Entries taken from a collection
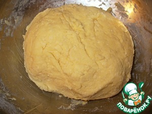 Масло растереть с сахаром. Добавить яйца, творог, разрыхлитель и муку, замесить тесто.
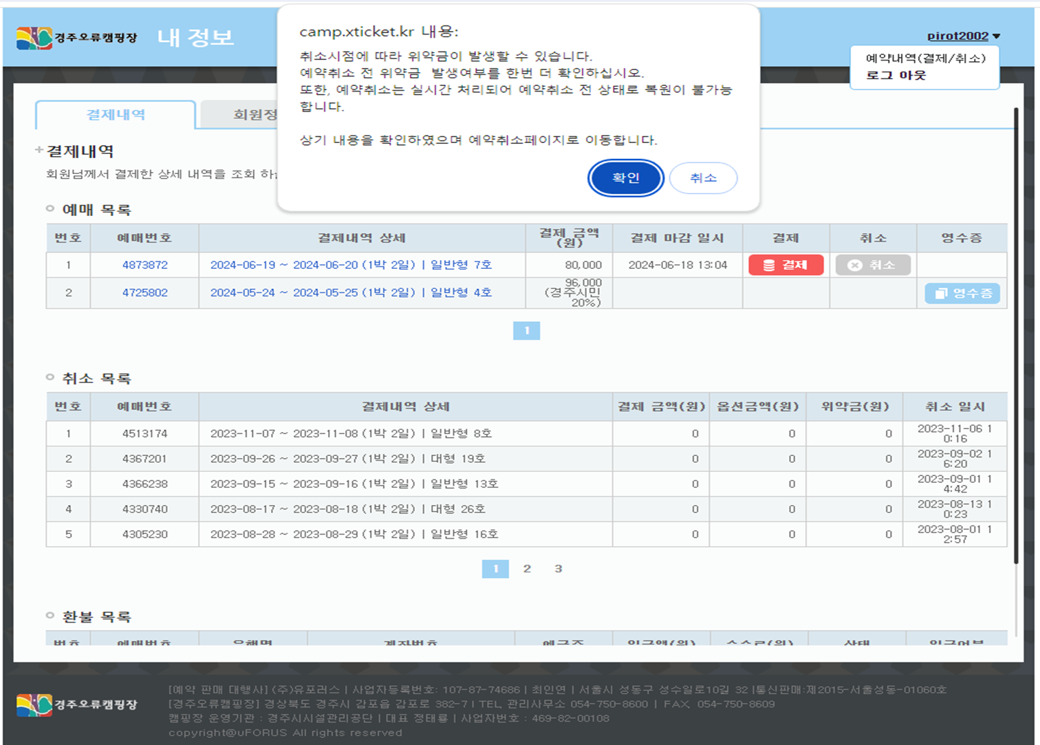 성수기 때 취소를 하면 위약금이 크게 발생하니 심사숙고하시기 바랍니다.
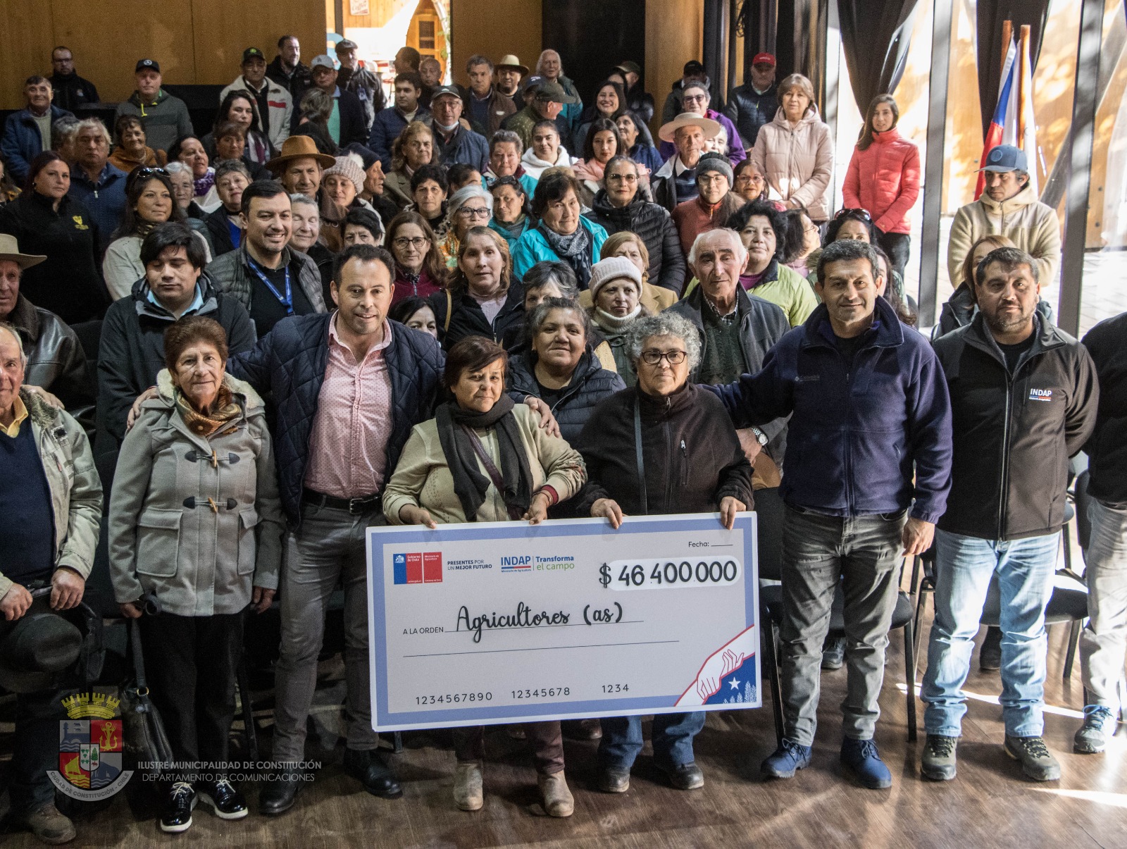 En el salón del Centro Cultural Cultural de Constitución, el alcalde Fabián Pérez junto al director regional de Indap Jorge Céspedes, hicieron entrega de 46 millones de pesos, lo que beneficiará a 320 usuarios de PRODESAL
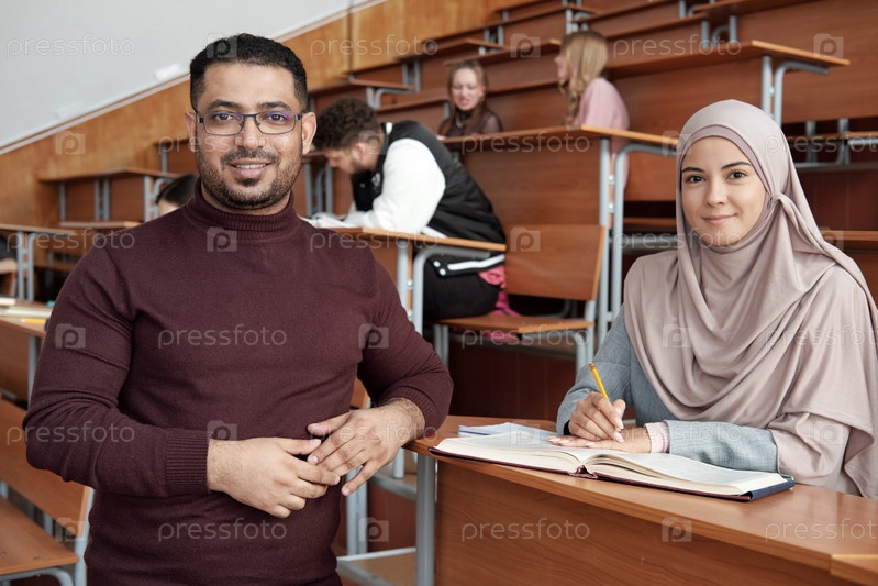 Успешный учитель-мужчина стоит у стола, где студентка в хиджабе сидит и делает заметки
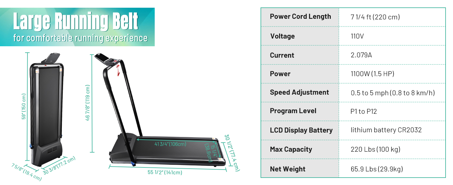 • [Wide Application & 1 Year Warranty]: this slim running machine, making the best use of limited space, helps you burn fat and keep heath anytime in your apartment, dormitory, office, studios and more; 1 year warranty for quality assurance

# What to work on
The data above holds the lines to copy: start at the one with "성수기 때 취소를 하면 위약금이 크게 발생하니 심사숙고하시기 바랍니다.", stop at the one with "Успешный учитель-мужчина стоит", include both, copy them exactly without pictures, and copy nothing else.

# Reply to the task
 성수기 때 취소를 하면 위약금이 크게 발생하니 심사숙고하시기 바랍니다.
 En el salón del Centro Cultural Cultural de Constitución, el alcalde Fabián Pérez junto al director regional de Indap Jorge Céspedes, hicieron entrega de 46 millones de pesos, lo que beneficiará a 320 usuarios de PRODESAL
 Успешный учитель-мужчина стоит у стола, где студентка в хиджабе сидит и делает заметки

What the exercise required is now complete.